MASK stage germline edits

Hey there,

We want to be able to run OHSU data through the release pipeline, only this dataset does not necessarily have matched tumor-normal samples, and thus does not have control genotype information, which the MASK stage of the pipeline expects as input.
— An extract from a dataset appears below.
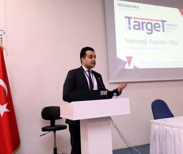 GAÜN Target TTO ve Teknopark tanıtım sunumlarını yapan Gaziantep Teknopark Genel Müdürü Ekrem Tekin de, son beş yılda 158 patent başvurusu gerçekleştirdiklerini, şu anda toplam 136’sının aktif bir şekilde devam ederek şöyle dedi: “136 buluştan birisinin sizin firmanıza, fabrikanıza, işletmenize uyabilme potansiyeli var. İster bize deyin ki, gelin birlikte bizim problemlerimizle birlikte çalışalım, ister deyin ki, sizin hazır problem çözümleriniz varsa bunlardan bize uyabilecekleri biz seçelim ve firmanıza transfer edelim diyelim. Döngü demiştik, halkın parasıyla yönetilen bilginin halkın faydasına dönmesi de bizim en büyük amacımız.  Ar-Ge merkezleriyle anlaşmak, teknoloji transferi konusunda da biz çok daha verici davranmak istiyoruz.”

I’ve edited the MASK stage, so that it essentially treats all mutations without control data as masked. The main edits are listed below, as well as a link he relevant pull request. The release pipeline functions and builds an elastic index with these edits. My question is this: will these edits affect germline security?

GenerateMaskedRow.java

   public Iterable<ObjectNode> call(ObjectNode row) throws Exception {
     // Create masked counterpart if sensitive (see
      // https://wiki.oicr.on.ca/display/DCCSOFT/Data+Normalizer+Component?focusedCommentId=53182773#comment-53182773)
  
      val rows = Lists.<ObjectNode> newArrayList();
 //    rows.add(row);
  
      if (getMarkingState(row) == CONTROLLED) {
        val referenceGenomeAllele = row.get(SUBMISSION_OBSERVATION_REFERENCE_GENOME_ALLELE).textValue();
 
       log.debug("Creating mask for '{}'", row);
       val mask = mask(row.deepCopy(), referenceGenomeAllele);
       regenerateId(mask);
 
       log.debug("Resulting mask for '{}': '{}'", row, mask);
       rows.add(mask);
     }
 
     return rows;
   }

MarkSensitiveRow.java

   public ObjectNode call(ObjectNode row) throws Exception {
     val referenceGenomeAllele = row.get(SUBMISSION_OBSERVATION_REFERENCE_GENOME_ALLELE).textValue();
      val controlGenotype = row.get(SUBMISSION_OBSERVATION_CONTROL_GENOTYPE).textValue();
      val tumourGenotype = row.get(SUBMISSION_OBSERVATION_TUMOUR_GENOTYPE).textValue();
      val mutatedToAllele = row.get(SUBMISSION_OBSERVATION_MUTATED_TO_ALLELE).textValue();
      val mutatedFromAllele = row.get(SUBMISSION_OBSERVATION_MUTATED_FROM_ALLELE).textValue();
  
      // Mark if applicable
      final Marking masking;
     if (controlGenotype == null || tumourGenotype == null || mutatedFromAllele == null) {
 
       log.debug("Marking row without control data: '{}'", row);
       masking = CONTROLLED;
 
     } else if (!matchesAllControlAlleles(referenceGenomeAllele, controlGenotype)
          || !matchesAllTumourAllelesButTo(referenceGenomeAllele, tumourGenotype, mutatedToAllele)) {
  
        log.debug("Marking sensitive row: '{}'", row); // Should be rare enough

     for (val tumourAllele : getTumourAllelesMinusToAllele(tumourGenotype, mutatedToAllele)) {
       if (!referenceGenomeAllele.equals(tumourAllele)) {
         return false;
       }
     }
     return true;
   }

https://github.com/ohsu-comp-bio/dcc-release/pull/4

Hi @mayfielg,

Would you prefer to keep the comments here or on the PR itself? Just want to make sure it would be cool if was commenting on your PR.

Sure, right on the PR is great. Thanks.

Hey @mayfielg, just wanted to let you know that I have not forgotten about the question and that I’m still waiting on a second opinion.